Outra informação digna de nota diz respeito ao considerável papel que as contribuições sociais incidentes sobre a receita bruta das empresas (PIS e COFINS) assumem na composição da receita tributária administrada pela SRF. Atualmente apenas a receita de PIS/COFINS corresponde a cerca de 30% do conjunto arrecadado pela Secretaria da Receita Federal. Em outras palavras, com apenas dois tributos (embora perniciosos do ponto de vista macroeconômico) chega-se a um terço do total arrecadado.

Para se ter uma idéia do que isto representa, o Imposto de Renda das empresas (incidência tributária clássica) corresponde atualmente a apenas 9% da arrecadação total, isto é, as empresas pagam no geral a título de imposto de renda cerca de um terço a menos do que pagam de contribuições sociais incidentes sobre a sua receita bruta (PIS e COFINS).

A análise destes números permite concluir que a tributação das empresas no Brasil tem se norteada pela incidência sobre a receita bruta, o que pode trazer problemas jurídicos relativos à ofensa de capacidade contributiva (até onde o nível de receita bruta de uma empresa autoriza concluir que houve manifestação de riqueza apta a ser tributada?) bem como de verificação do “efeito confisco”, o qual se manifesta não apenas com alíquotas altas demais, mas também com alíquotas aparentemente pequenas incidentes sobre bases de cálculo excessivamente altas, como por exemplo o faturamento.

Papel de destaque na arrecadação tributária federal é assumido também pela CPMF. Em 2001, este tributo representou 9% do total arrecadado pela SRF, o que em números equivale a cerca de 18 bilhões de Reais. Dado que permite concluir também que de Provisória a CPMF tende a se transformar em Permanente haja vista o importante papel que desempenha no conjunto da receita tributária total arrecadada pela União Federal. A arrecadação da CPMF em 2001 (à alíquota de 0,38%), comparada com a arrecadação do IPMF em 1994 (0,20%) – a partir de quando passou a existir esta nova base de incidência tributária no Brasil – cresceu em cerca de 63%.

Outro aspecto que merece ser ressaltado diz respeito ao caráter absolutamente ridículo que o Imposto sobre a Propriedade Territorial Rural – ITR assume na arrecadação tributária federal: apenas 0,12%. É revelador da atual estrutura de poder político reinante no Brasil desde os tempos das capitanias hereditárias que um imposto com aptidão extrafiscal para funcionar como um instrumento de desincentivo à existência e à manutenção de grandes propriedades rurais improdutivas tenha um efeito arrecadatório praticamente nulo.

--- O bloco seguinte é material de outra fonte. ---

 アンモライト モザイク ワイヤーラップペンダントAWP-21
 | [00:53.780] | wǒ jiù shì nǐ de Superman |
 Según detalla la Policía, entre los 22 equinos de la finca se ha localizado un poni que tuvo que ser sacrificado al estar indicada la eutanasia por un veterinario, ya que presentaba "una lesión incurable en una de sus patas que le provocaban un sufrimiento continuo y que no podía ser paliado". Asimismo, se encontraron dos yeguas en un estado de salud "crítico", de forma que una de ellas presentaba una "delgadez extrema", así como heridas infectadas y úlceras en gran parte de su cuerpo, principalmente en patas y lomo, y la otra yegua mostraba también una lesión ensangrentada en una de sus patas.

Uma última observação deve ser feita em relação à incidência de imposto de renda na fonte sobre os rendimentos de capital (aplicações financeiras, etc), o qual corresponde atualmente a cerca de 8% da arrecadação tributária total, o que representa menos do que se arrecada a título de imposto de renda na fonte sobre os rendimentos do trabalho (salários, por exemplo). É uma distorção que em um país com o grau de desigualdade social do Brasil, arrecade-se mais com a tributação sobre os salários do que com a tributação sobre os rendimentos produzidos pelos excedentes de capital.

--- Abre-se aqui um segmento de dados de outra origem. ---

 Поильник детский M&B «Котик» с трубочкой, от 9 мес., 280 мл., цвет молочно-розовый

Embora pareça enfadonho refletir sobre números relativos à arrecadação tributária, este é um exercício importante para o aprimoramento da cidadania fiscal, na medida em que habilita o cidadão a discutir e cobrar posicionamentos mais claros de seus representantes políticos quanto ao tema, bem como reflete com incrível transparência o efeito real de ações engendradas pelo poder político no Brasil na área tributária, muitas vezes mascaradas pelo discurso oficial (fácil) de busca do interesse público.